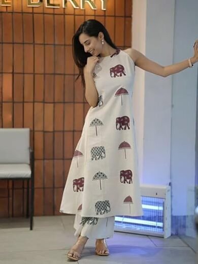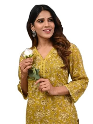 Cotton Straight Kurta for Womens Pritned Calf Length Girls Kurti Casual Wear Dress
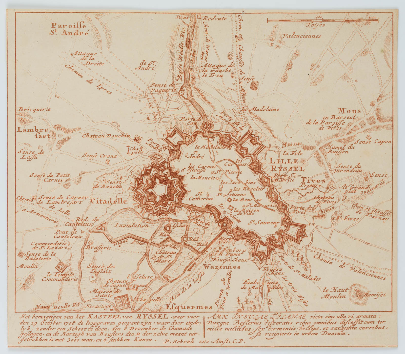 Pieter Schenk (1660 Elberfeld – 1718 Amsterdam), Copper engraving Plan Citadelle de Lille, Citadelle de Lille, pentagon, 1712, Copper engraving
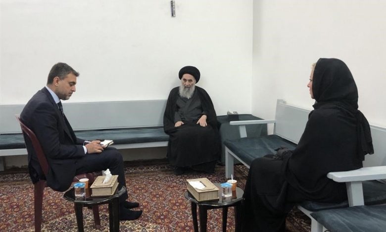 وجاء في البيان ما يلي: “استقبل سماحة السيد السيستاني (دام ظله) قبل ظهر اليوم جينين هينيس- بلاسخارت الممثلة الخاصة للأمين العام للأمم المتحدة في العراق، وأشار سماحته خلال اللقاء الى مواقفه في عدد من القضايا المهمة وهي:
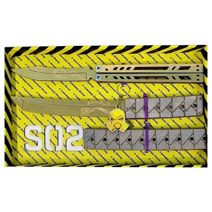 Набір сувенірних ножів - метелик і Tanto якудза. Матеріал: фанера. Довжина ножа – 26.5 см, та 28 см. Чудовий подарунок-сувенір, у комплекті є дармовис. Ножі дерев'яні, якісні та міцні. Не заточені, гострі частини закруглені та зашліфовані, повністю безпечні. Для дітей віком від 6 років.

--

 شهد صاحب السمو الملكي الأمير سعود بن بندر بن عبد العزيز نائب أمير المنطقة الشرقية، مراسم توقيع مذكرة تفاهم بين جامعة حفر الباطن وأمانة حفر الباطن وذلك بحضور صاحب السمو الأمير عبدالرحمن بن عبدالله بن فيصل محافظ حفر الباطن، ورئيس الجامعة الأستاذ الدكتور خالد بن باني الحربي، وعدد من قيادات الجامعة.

==

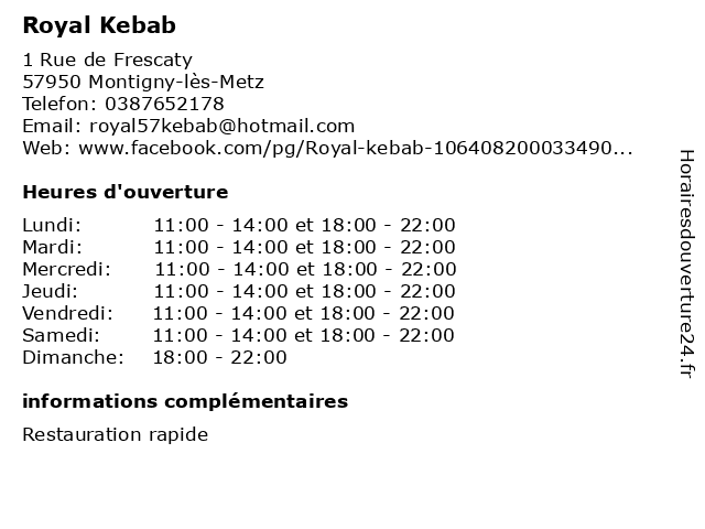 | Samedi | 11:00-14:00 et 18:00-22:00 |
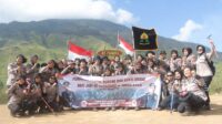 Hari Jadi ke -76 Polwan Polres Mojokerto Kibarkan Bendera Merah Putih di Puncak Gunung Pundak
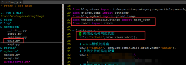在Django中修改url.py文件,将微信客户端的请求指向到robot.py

- WHAT TO WORK ON
Only one stretch of the data is wanted: write out exactly the lines from the one holding "Hari Jadi ke" through the one holding "在Django中修改url.py文件,将微信客户端的请求指向到robot.py", both included, without the pictures.

- ANSWER SPACE
 Hari Jadi ke -76 Polwan Polres Mojokerto Kibarkan Bendera Merah Putih di Puncak Gunung Pundak
在Django中修改url.py文件,将微信客户端的请求指向到robot.py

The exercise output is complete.